Second, to the extent the rulings were inconsistent, the trial court was not bound to adhere to its initial ruling when the Commonwealth repeated its motion at the end of the trial, seeking to exclude references to the mandatory minimum sentence during closing argument. “A trial court is empowered to change a legal determination as long as it retains jurisdiction over the proceedings before it.” Turner v. Sheldon D. Wexler, D.P.M., P.C., 244 Va. 124, 128, 418 S.E.2d 886, 888 (1992). This principle applies equally to rulings made before, during and after trial. See, e.g., Cloutier v. Queen, 35 Va.
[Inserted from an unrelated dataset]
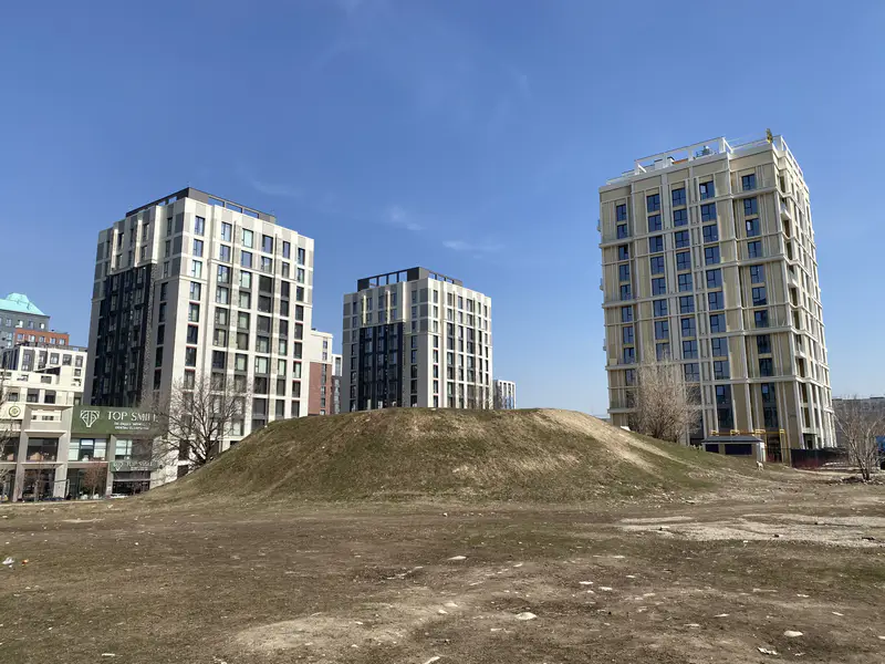 На пересечении улиц Розыбакиева и Штрауса в Алматы расположился сакский курган, датируемый V веком до нашей эры. Однако сейчас он выглядит как заброшенный участок земли, окружённый жилыми комплексами и стихийными парковками.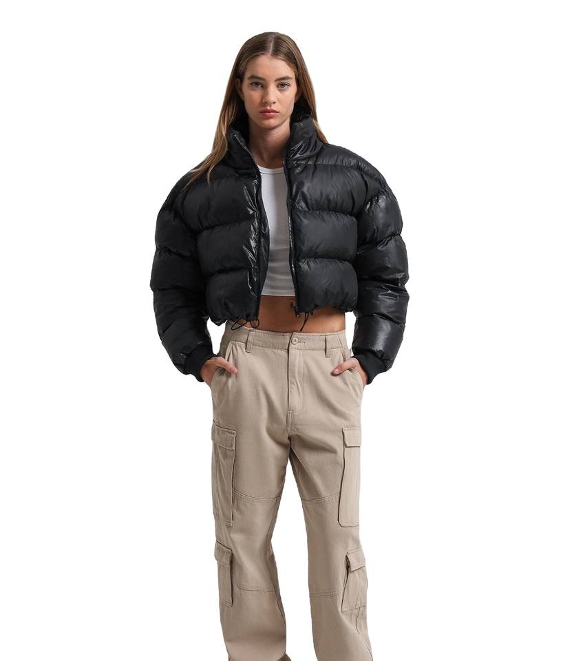 เสื้อแจ็กเก็ตพัฟเฟอร์ครอปสำหรับผู้หญิง

App. 413, 420-21, 545 S.E.2d 574, 577-78 (2001); Bottoms v. Commonwealth, 22 Va. App. 378, 383-84, 470 S.E.2d 153, 156 (1996).

III.

Because argument regarding the mandatory minimum sentence to be imposed upon conviction for an offense is irrelevant in the guilt phase of a trial for that offense and serves only to encourage jury nullification of the legislatively imposed sentencing range, we hold a trial court does not abuse its discretion in refusing to permit such argument during the guilt phase. Further, because a trial court may change a ruling at any time while it retains jurisdiction over the proceedings in which the ruling was made, we hold the trial court did not abuse its discretion in refusing to permit such argument during the guilt phase in appellant’s trial. Thus, we affirm appellant’s conviction for possessing a firearm after having been convicted of a felony.

Affirmed.


FOOTNOTES:

[1] The Commonwealth contends the assignment of error is barred because the record on appeal “contains no proffer of the specific argument defense counsel intended to make.” We disagree. Appellant’s counsel made clear in her argument to the court that she wished to “mention” to the jury “the minimum mandatory” punishment, just as she already had done in her opening statement, so that “the jury [would] know the fact that [the charged crime carries] a minimum mandatory sentence.” Counsel stated “[she] would not be arguing” on that issue. To hold that counsel’s representations to the trial court did not constitute a sufficient proffer for purposes of appeal would elevate form over substance.

[2] This result is not inconsistent with our holding in Hill v. Commonwealth, 36 Va. App. 375, 550 S.E.2d 351 (2001), petition for appeal granted, No. 012316 (Va. Sup. Ct. Order of 3/6/02). In Hill, we concluded that, on voir dire, defense counsel properly may “inform the [jury] panel of the sentencing parameters” for the charged offense “[i]n order for counsel to properly explore whether the jury panel may be irrevocably biased toward one end or the other of the sentencing spectrum.” 36 Va. App. at 381, 550 S.E.2d at 354.